20 de novembro de 2018

Capítulo Quinze


Quando cheguei em casa naquela noite, me deitei, mas não dormi. Fiquei escrevendo várias mensagens para Davis e apagando, até enfim deixar o celular de lado e pegar o laptop. Queria saber o que tinha acontecido com a vida on-line dele, para onde Davis fora depois de abandonar as mídias sociais.
Quando procurei o nome dele no Google, veio uma torrente de notícias sobre o pai: “CEO da Pickett Engenharia revela que não deixará um centavo para os filhos adolescentes” e coisas do tipo. Davis não tinha atualizado Instagram, Facebook, Twitter nem o blog desde o sumiço do pai, e as buscas pelos dois nomes de usuário dele, dallgoodman e davis_naodave02, só me levaram a outras pessoas.
Comecei, então, a procurar nomes de usuário parecidos (dallgoodman02, davis_naodave, davis_naodavid) e a testar opções no Facebook e nos servidores de blogs. Depois de mais de uma hora nisso, já passando da meia-noite, finalmente tive a ideia de buscar a frase: “As folhas seguiram seu caminho, vocês também deveriam ir.”
Apareceu um único link, que levava a um blog de um tal de anônimo02. Havia sido criado dois meses antes e, assim como o outro blog de Davis, as postagens eram quase todas citações ou textos curtos e enigmáticos. Mas esse novo blog também tinha uma aba “poemas”. Fui para a página inicial e desci até a primeira entrada:

“Posso resumir em três palavras tudo o que aprendi sobre a vida: a vida continua.”
— Robert Frost

Catorze dias desde que tudo isso começou. Não posso dizer que minha vida está pior — só menor. Basta olhar para cima pelo tempo certo para sentir nossa infinitesimalidade. A diferença entre estar vivo ou não — é alguma coisa. Mas de onde as estrelas estão olhando para nós, quase não há diferença entre as variedades de vida, entre mim e a grama recém-aparada onde estou deitado agora mesmo. Somos ambos deslumbramentos, o mais próximo de um milagre no universo conhecido.

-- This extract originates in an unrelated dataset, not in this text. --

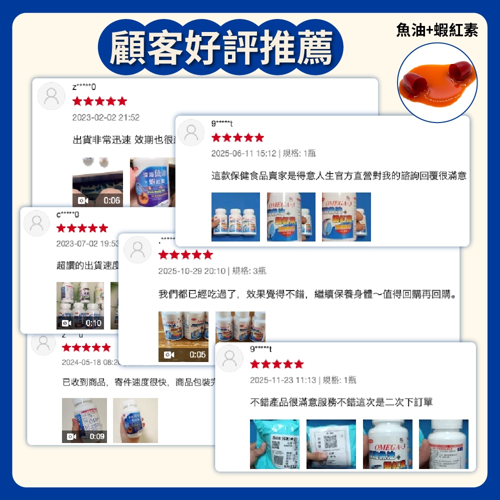 【得意人生】深海魚油+蝦紅素 (60粒) 魚油/蝦紅素/維他命E

“Partiu-se a Tábua em minha Mente / E eu fui cair de Chão em Chão…”
— Emily Dickinson

Há cerca de cem bilhões de estrelas na Via Láctea — aproximadamente uma para cada pessoa que já viveu. Esta noite, observando o céu, pensei sobre isso. O tempo estava quente demais para a estação e nunca se viram estrelas tão lindas por essas áreas. Quando olho para o alto, sempre tenho a sensação de estar caindo.
Mais cedo, ouvi meu irmão chorando no quarto dele e fiquei ali em frente à porta fechada por muito tempo. Sei que ele sabia que eu estava ali porque as tábuas do corredor rangeram e ele tentou conter os soluços, e eu só fiquei ali parado, encarando a porta, incapaz de abri-la.

“Até o silêncio / tem uma história para contar.”
— Jacqueline Woodson

A pior parte de estar totalmente sozinho é pensar em todas as vezes em que desejamos que todo mundo simplesmente nos deixasse em paz. Foi o que fizeram. Atenderam ao meu pedido, e acabei me saindo uma péssima companhia.

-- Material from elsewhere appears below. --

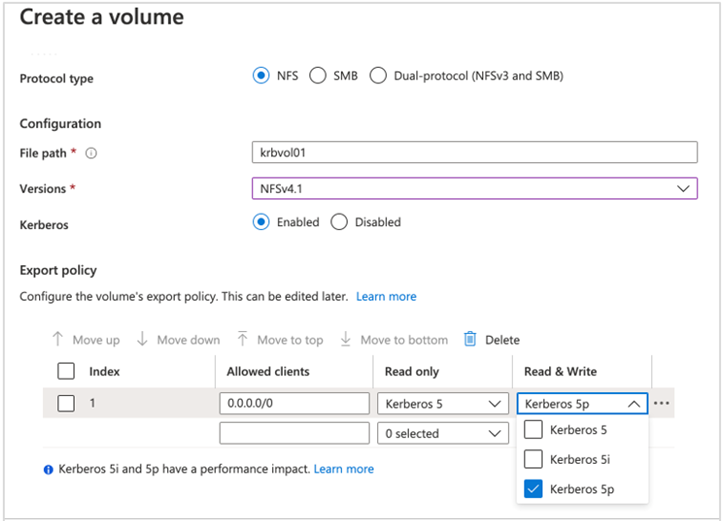 Kerberos 사용 클라이언트만 Kerberos를 지정하는 내보내기 규칙을 사용하여 볼륨에 액세스할 수 있습니다. Kerberos를 사용하는 경우 AUTH_SYS 액세스가 허용되지 않습니다.

“O mundo é um globo — quanto mais distante você veleja, mais perto de casa está.”
— Terry Pratchett

Às vezes abro o Google Maps e dou zoom em pontos aleatórios onde ele poderia estar. S veio ontem à noite para nos orientar sobre o que acontece de agora em diante — o que acontece se ele for encontrado, o que acontece se não for — e, em determinado momento, ele disse: “Vocês compreendem que passei a me referir não apenas à pessoa física, mas também à entidade legal.” A entidade legal é o que paira sobre nós, assombrando nossa casa. A pessoa física está em algum lugar do mapa.

“Sou apaixonado pelo mundo.”
— Maurice Sendak

Sempre dizemos que estamos sob as estrelas. Não estamos, é claro — não há em cima ou embaixo, e de qualquer modo estamos rodeados de estrelas. Mas dizemos que elas ficam acima, o que é legal. É comum que a linguagem glorifique o ser humano — somos alguém, os outros animais são algum —, mas ao menos abaixo das estrelas ela nos coloca.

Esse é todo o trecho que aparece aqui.